**Exercise:** Leaving out the pictures, write out exactly each line from the line with "Figure 8 shows" through the close of the listing below.
Collected material START
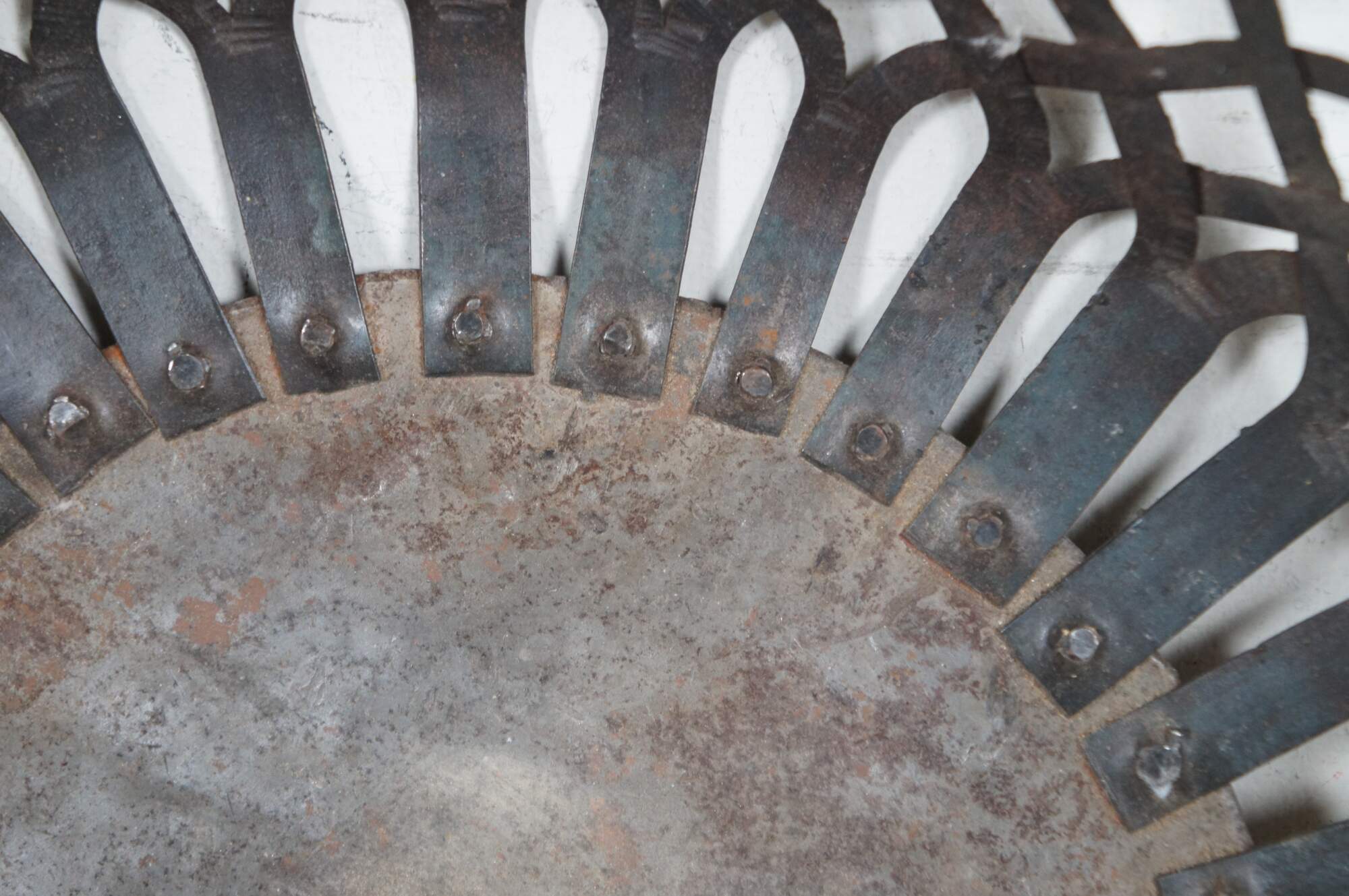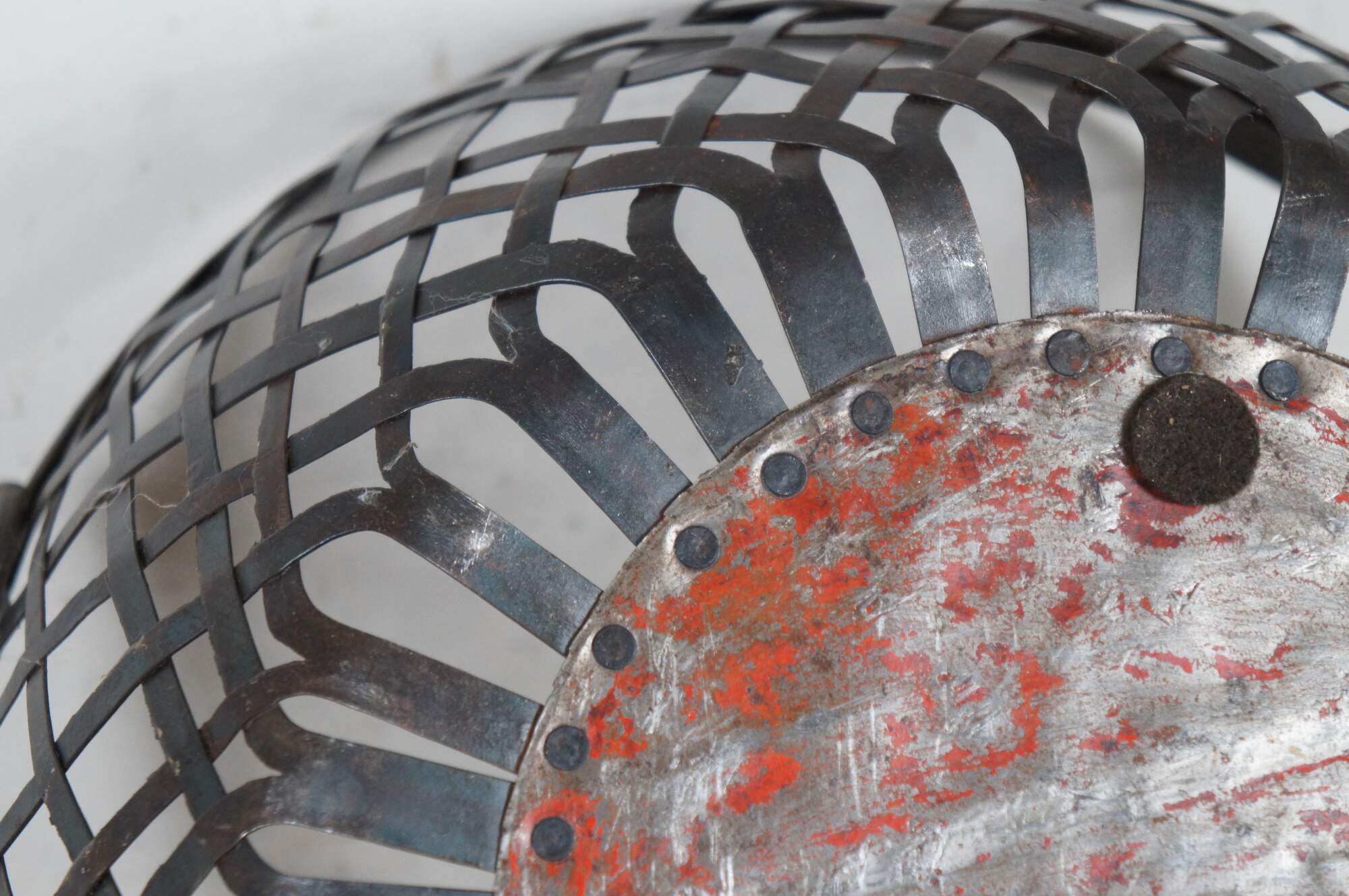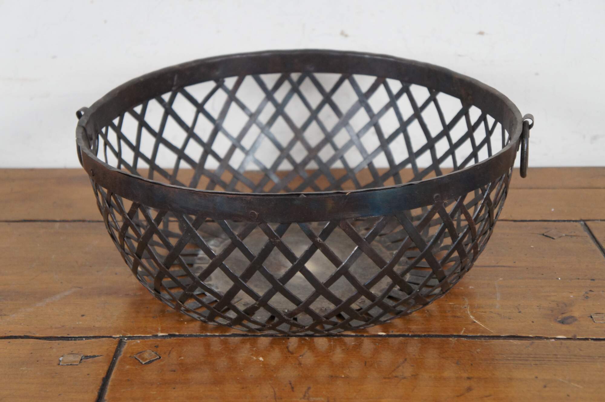 Late 20th century woven metal / iron centerpiece or fruit basket. Round Brutalist form with flat base and two hanging rings / handles on either side. Made in India.
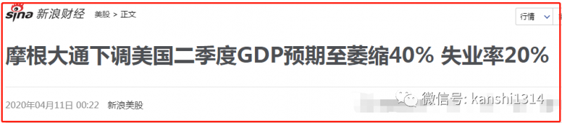 那大家再想想,美国经济陷入停滞的四月和五月份,会给二季度带来何种影响呢?如果按照高盛的预测,美国第二季度GDP将下跌34%,其他官方和民间机构的预测都高于高盛的预测,有的机构直接预测二季度美国GDP将萎缩40%。
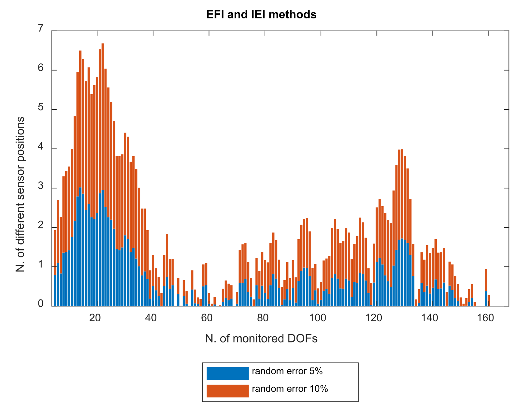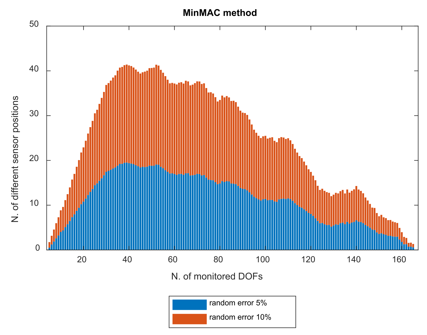 Figure 8 shows the average number of different sensor positions over 100 measurements as a function of the number of monitored DOFs using the MKE method. For the 10-sensors set and a random error of 10%, the average number of different sensor positions reaches its maximum with 2.42 different sensors. This value is lower than five, which is the maximum number of different positions due to the model error (see
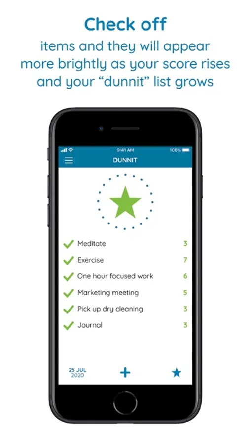 Decide what daily habits you want to form—exercise, meditation, an hour of focused work, an act of kindness, whatever—and put them on a recurring daily list. Add any one-off tasks or chores you want to get done that day. As you meet your daily goals and tick off items, they will appear more brightly on the list as your have-done list grows.
Collected material END
**Output for this exercise:**
 Figure 8 shows the average number of different sensor positions over 100 measurements as a function of the number of monitored DOFs using the MKE method. For the 10-sensors set and a random error of 10%, the average number of different sensor positions reaches its maximum with 2.42 different sensors. This value is lower than five, which is the maximum number of different positions due to the model error (see
 Decide what daily habits you want to form—exercise, meditation, an hour of focused work, an act of kindness, whatever—and put them on a recurring daily list. Add any one-off tasks or chores you want to get done that day. As you meet your daily goals and tick off items, they will appear more brightly on the list as your have-done list grows.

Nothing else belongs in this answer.